Les éléments principaux de ce matériau sont :
- le récit de la Passion par lequel les communautés commémoraient, dans leurs liturgies, la mort et
la résurrection de leur Seigneur ; ce récit a peut-être formé le noyau de la narration,
- des citations des Ecritures évoquant la figure du juste persécuté,
- des paraboles, controverses, miracles, déjà en partie travaillés et regroupées par la tradition orale,
- de petites collections de sentences que Marc a reprises ici et là.
Cela dit, « le ressort essentiel de la composition de Marc qui assure une cohérence théologique aux
traditions recueillies, a été désigné sous le terme de secret messianique. Il recouvre les ordres de silence
adressés par Jésus à ceux qu’il guérit ou, aux disciples après une révélation, et le thème de
l’incompréhension des disciples.
Ces deux thèmes font de la révélation une épiphanie secrète (M. Dibelius).

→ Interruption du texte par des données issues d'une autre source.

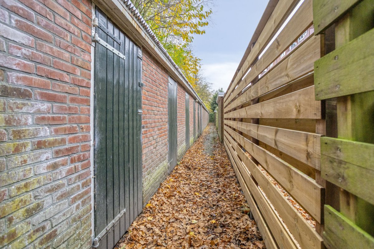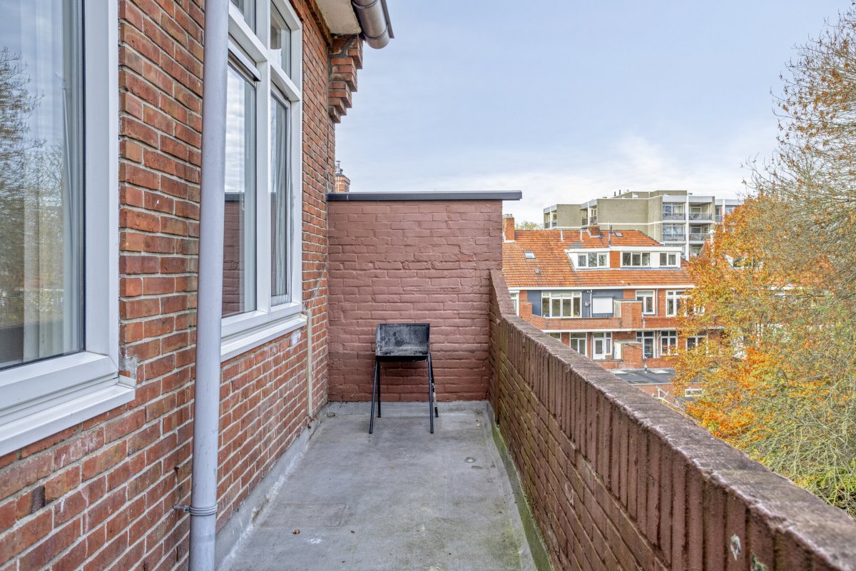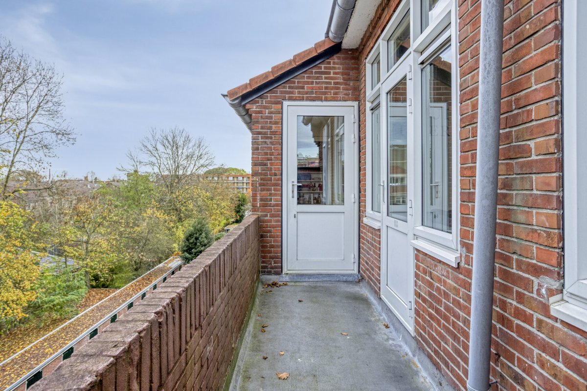 Het ruime balkon is gesitueerd op het noordoosten. Vanuit de keuken is het balkon toegankelijk. Achter het complex bevindt zich de stenen berging, welke toegankelijk is via een afgesloten achterom.

Quelques points caractéristiques de l’évangile de Marc
1. Dans sa visée théologique, dès les premières lignes, l’écrit déclare explicitement l’intérêt porté à
« l’Evangile de Jésus Christ, Fils de Dieu ». Evangile est la Bonne Nouvelle apportée et destinée à
tous les hommes et dont l’accueil définit la foi chrétienne. Le mot Evangile revient 7 fois dans le
texte (bien moins présent chez Matthieu et Luc). C’est dire son importance. A cet égard, deux
affirmations sont fortes chez Marc : - le rôle de l’Eglise est de continuer et d’actualiser le message
et l’œuvre de Jésus ; - le souci missionnaire de l’expansion de l’Evangile.

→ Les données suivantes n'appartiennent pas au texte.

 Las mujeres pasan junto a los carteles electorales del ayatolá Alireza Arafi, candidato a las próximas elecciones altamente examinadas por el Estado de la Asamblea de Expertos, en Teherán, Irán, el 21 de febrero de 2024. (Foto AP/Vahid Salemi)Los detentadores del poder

2. Dans son style, une certaine rudesse, candeur, franchise et sincérité, une manière directe de
raconter, et même quelques gaucheries ici ou là confèrent à ce texte vivacité, force et énergie
toutes particulières.
3. Dans l’insistance sur l’humanité de Jésus, l’auteur de Marc, dont l’évangile est un témoignage
rendu au Fils de Dieu et la Bonne Nouvelle qu’il apporte au monde (cf. ci-dessus), prend un grand
soin de témoigner aussi de la pleine humanité de Jésus (ses joies, ses colères, sa faiblesse).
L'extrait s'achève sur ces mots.